Via Legal Insurrection, something for the “but he fights!” file. Is this one of those answers, as with abortion, where he just doesn’t know what a conservative candidate’s supposed to say? Or is this him pivoting to a more “traditional” campaign for the general, staffed by Paul Manafort’s lobbyist cronies (rigged system!) and chock full of left-ish talking points for swing voters?
Mediaite has a transcript. Note Trump’s rationale: It’s not just that he thinks this issue is much ado about nothing (“there has been so little trouble”), it’s how heavily the risk of economic boycotts seems to weigh on him (“what they are going through with all of the business that’s leaving”). If, like many conservatives, you worry about corporate America smashing legislative backing for state RFRA laws designed to protect religious small-business owners from having to cater gay weddings, you’re getting a taste of what kind of support you can expect from President Trump.
“North Carolina did something that was very strong, and they are paying a big price and there’s a lot of problems,” responded Trump.
“North Carolina, what they are going through with all of the business that’s leaving and the strife– and that’s on both sides. Leave it the way it is. There have been very few complaints the way it is. People go, they use the bathroom that they feel is appropriate, there has been so little trouble,” he said.
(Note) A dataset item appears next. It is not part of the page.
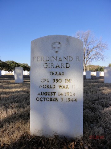 Ferdinand Rudy Girard was born on August 14, 1924 in San Antonio, Texas. He served in the US Army as a Corporal during World War II. He died on October 3, 1944 at the age of 20 in Italy and is now buried in the Fort Sam Houston National Cemetery, San Antonio, Bexar County, Texas, USA. A member of the 2nd Battalion, 350th Infantry Regiment, his unit was cited for outstanding performance of duty in action during the period 27 September to 3 October 1944 at Mt. Battaglia, Italy against German forces. For seven days, amidst powerful counterattacks, the men of the battalion repulsed each attack with fighting ability and teamwork, therefore, their objective was accomplished.

Team Cruz, hearing this, saw their opportunity to needle Trump about political correctness and took it:
Common sense: grown men shouldn't be in bathrooms w/ little girls. @realDonaldTrump told us he could be PC, but wow. https://t.co/WB93ATZYy4
— Ted Cruz (@tedcruz) April 21, 2016
You know what, though? Evangelical voters across the south had a choice in the primaries. They made their choice. Let them live with the consequences now. Besides, Trump atoned to his base in this same interview when he said that Andrew Jackson, who had “a great history,” should be left on the $20 and Harriet Tubman should instead be put on the $2 dollar bill (in place of … Thomas Jefferson?), which no one uses. (The “Today” crew should have asked Trump to name one thing about Jackson’s history that he considers “great.” That would have been a fun answer.) Replacing Jackson with Tubman is “pure political correctness,” he claimed, but he’s got it backwards. Removing Jackson from the $20 in favor of Tubman is defensible on the merits, and something many anti-Trump Republicans have received warmly. This image is making the rounds on social media; “Treasury throws founder of the Democratic Party off $20 bill, replaces with gun-toting Republican,” quipped Dave “Iowhawk” Burge. It’s Trump’s transgender answer, which bows to the left’s identity movement du jour expressly from fear of economic reprisals, on the day after ESPN purged Curt Schilling for mocking it, that’s PC. But as usual, he knows his base and understands that defending Jackson would appeal to its various constituencies — Jacksonians, “cultural conservatives” who see any “diversity” gesture as “PC,” traditional reactionaries, and alt-righters. That’ll probably get him off the hook for the transgender answer.
In lieu of an exit question, read Ben Shapiro on Trump’s curious definitions of “political correctness.”
Update: To be clear, North Carolina’s law isn’t a RFRA law. My point above is simply that if Trump will bow to leftist sensibilities on the former, he’ll end up bowing to them on the latter too.